§ GOAL OF THE EXERCISE:
What you return should be the lines from the one with "初期のW220などは ここで" through the one with "户外便携可折叠水杯多功能创意水杯 伸缩杯 硅胶折叠杯带盖200ML" in the data below, reproduced exactly with both ends, and no pictures at all.

§ SOURCE MATERIAL:
+++

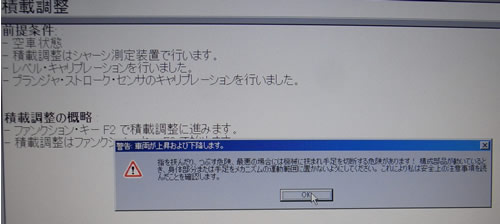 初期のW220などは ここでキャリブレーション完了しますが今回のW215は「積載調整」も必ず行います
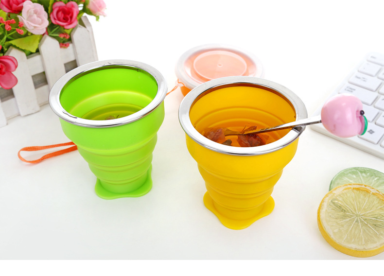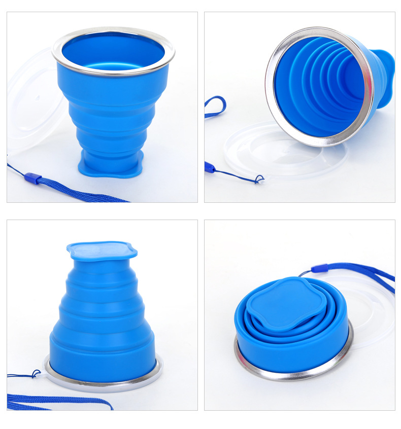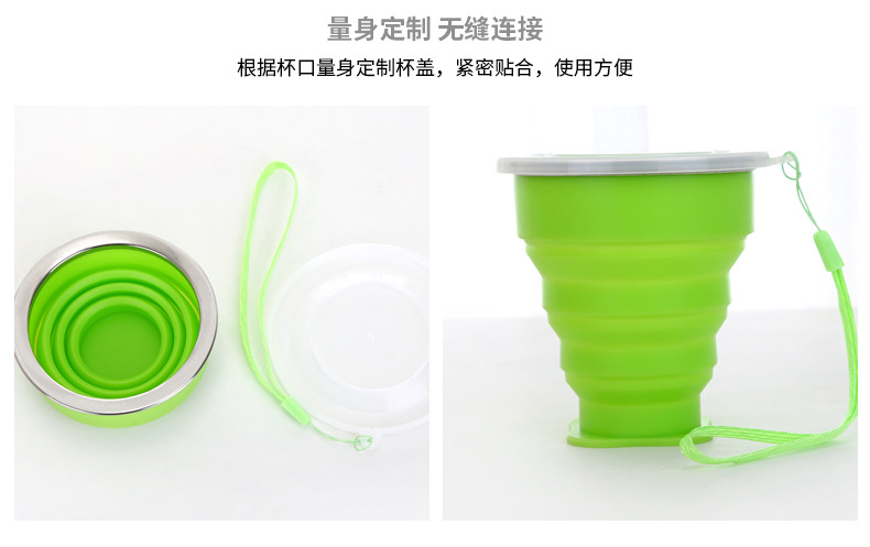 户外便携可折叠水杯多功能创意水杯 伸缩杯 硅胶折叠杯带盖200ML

+++

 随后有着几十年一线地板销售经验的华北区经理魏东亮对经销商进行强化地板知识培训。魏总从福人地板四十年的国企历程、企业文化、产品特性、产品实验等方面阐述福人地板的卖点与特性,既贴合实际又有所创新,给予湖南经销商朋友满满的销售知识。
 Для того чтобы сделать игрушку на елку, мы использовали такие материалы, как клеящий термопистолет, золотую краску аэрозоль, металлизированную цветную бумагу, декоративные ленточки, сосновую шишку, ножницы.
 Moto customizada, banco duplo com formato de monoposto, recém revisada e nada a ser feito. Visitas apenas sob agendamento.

+++

§ ANSWER TO THE EXERCISE:
 初期のW220などは ここでキャリブレーション完了しますが今回のW215は「積載調整」も必ず行います
 户外便携可折叠水杯多功能创意水杯 伸缩杯 硅胶折叠杯带盖200ML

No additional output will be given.